Cross was an only child. She was born on August 22, 1912, to Frank Wallace Cross, a lifelong Iowa resident, and Constance Mabel Bunting whose family came from England. Her full name is Bernice Francena Cross. In her late teens Cross enrolled at the Wilmington Academy in Wilmington, Delaware. A few years later she began study at the Corcoran School of Art and, in about 1933, became a student at the Phillips Gallery Art School in Washington, D.C. Begun in 1927 the Wilmington Academy was run by N. C. Wyeth. In 1933 C. Law Watkins established the Phillips School at Studio House, adjoining the gallery.
Although critics credited her with growing maturity over the next few decades, Cross rarely departed from an approach that was noted for its spontaneity, sense of fantasy, and good humor. Over the five decades of her professional career she experimented with a variety of techniques and the tone of her work was sometimes light and airy and other times dark and Gothic but, as the critic for the New York Sun pointed out, she was a painter whose work was always recognizably her own, that is one who, he wrote, "has her own signature."

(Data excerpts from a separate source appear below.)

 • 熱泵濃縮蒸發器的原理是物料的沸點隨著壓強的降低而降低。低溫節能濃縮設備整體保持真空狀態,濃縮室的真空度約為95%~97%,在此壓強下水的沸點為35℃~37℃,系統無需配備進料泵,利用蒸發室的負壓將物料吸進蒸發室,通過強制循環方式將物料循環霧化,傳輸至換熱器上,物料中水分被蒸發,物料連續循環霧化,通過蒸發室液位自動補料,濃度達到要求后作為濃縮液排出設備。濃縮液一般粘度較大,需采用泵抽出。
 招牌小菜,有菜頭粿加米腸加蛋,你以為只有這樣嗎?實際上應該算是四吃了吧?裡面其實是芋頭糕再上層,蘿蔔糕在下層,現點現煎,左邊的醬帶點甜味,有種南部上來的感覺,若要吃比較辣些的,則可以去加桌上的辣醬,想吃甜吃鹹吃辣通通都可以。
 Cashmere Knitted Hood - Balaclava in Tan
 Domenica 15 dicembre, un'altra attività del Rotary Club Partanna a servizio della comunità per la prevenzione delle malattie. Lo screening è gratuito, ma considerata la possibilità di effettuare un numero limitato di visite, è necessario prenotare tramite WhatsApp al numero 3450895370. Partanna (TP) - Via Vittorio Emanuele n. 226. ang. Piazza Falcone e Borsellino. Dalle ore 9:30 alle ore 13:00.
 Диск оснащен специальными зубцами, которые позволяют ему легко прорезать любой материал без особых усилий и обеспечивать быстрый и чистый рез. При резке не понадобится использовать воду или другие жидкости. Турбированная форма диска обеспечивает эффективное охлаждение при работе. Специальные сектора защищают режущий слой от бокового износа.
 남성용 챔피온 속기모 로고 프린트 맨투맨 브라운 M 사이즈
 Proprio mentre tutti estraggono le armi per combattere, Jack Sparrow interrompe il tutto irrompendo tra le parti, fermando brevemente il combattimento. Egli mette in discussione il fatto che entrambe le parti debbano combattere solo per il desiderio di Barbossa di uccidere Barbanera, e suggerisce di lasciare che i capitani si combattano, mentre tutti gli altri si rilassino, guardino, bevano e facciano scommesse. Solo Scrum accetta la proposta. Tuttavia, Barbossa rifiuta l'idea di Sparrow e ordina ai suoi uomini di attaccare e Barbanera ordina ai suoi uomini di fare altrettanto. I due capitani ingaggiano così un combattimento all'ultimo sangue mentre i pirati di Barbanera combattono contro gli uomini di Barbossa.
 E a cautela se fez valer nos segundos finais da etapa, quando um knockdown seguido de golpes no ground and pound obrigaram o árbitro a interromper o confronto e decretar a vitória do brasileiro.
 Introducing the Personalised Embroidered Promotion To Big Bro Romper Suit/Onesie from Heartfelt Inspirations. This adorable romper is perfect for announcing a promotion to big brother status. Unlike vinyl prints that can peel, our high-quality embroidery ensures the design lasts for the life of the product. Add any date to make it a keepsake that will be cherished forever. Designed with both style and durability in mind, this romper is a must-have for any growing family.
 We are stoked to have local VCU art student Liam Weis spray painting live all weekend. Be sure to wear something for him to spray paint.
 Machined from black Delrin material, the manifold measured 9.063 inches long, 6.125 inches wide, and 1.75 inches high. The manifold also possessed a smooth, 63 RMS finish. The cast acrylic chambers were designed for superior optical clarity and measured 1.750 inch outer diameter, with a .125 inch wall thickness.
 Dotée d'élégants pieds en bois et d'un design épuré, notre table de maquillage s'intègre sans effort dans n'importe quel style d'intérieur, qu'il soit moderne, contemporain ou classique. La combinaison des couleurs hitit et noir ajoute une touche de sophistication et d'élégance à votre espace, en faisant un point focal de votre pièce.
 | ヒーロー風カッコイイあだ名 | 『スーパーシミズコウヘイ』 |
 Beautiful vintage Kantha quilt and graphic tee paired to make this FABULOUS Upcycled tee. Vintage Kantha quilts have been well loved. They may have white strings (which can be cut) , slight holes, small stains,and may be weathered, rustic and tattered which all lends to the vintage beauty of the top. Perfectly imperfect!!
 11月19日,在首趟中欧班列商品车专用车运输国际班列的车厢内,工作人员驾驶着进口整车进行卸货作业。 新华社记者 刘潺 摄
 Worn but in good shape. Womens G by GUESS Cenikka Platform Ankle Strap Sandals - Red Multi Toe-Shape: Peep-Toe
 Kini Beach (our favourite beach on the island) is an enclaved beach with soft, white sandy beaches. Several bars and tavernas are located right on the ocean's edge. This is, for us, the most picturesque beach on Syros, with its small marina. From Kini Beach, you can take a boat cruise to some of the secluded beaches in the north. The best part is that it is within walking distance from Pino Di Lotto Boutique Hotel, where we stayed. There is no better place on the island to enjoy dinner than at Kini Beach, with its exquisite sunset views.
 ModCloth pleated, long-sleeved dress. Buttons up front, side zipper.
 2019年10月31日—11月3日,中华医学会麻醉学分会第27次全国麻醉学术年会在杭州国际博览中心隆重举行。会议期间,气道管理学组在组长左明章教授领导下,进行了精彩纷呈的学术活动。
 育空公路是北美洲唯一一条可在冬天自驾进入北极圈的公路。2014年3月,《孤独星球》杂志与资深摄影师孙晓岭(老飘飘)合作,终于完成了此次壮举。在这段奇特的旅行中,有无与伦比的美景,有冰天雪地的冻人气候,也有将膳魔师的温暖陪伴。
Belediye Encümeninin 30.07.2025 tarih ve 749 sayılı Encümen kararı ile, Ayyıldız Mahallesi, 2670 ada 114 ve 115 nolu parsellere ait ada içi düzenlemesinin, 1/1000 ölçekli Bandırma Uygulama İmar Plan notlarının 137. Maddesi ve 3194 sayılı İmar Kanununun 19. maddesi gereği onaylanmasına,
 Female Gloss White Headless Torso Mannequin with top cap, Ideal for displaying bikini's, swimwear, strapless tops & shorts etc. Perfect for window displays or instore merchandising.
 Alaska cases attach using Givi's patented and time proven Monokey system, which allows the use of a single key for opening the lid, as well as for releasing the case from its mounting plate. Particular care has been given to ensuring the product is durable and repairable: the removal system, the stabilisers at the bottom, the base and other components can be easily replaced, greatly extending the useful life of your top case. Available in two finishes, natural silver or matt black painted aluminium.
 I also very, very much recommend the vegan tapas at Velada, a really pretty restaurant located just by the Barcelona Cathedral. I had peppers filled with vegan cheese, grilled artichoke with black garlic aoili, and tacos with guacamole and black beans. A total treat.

During the 1930s, Cross made genre paintings of circus people, African-Americans, and characters out of fairy tales. She also painted still lifes, particularly flower arrangements. She drew attention to the two-dimensional area of her canvas through experiments with surface texture and she established a balance between realism and abstraction that favored the latter. Her paintings were often childlike and made to please children. They gave a deceptive appearance of primitivism but were sophisticated in their composition, balance of forms, and use of color contrasts. She became known for the whimsy she displayed and a light-hearted, youthful spirit. Some of her early paintings show racial caricatures that went unremarked at the time, but today appear to be insensitive.
In 1933 Cross was awarded first prize for a still life painting in a student exhibition at the Corcoran Gallery and two years later she won first prize in the Greater Washington Independent Art Exhibition, shown in galleries of nine downtown department stores.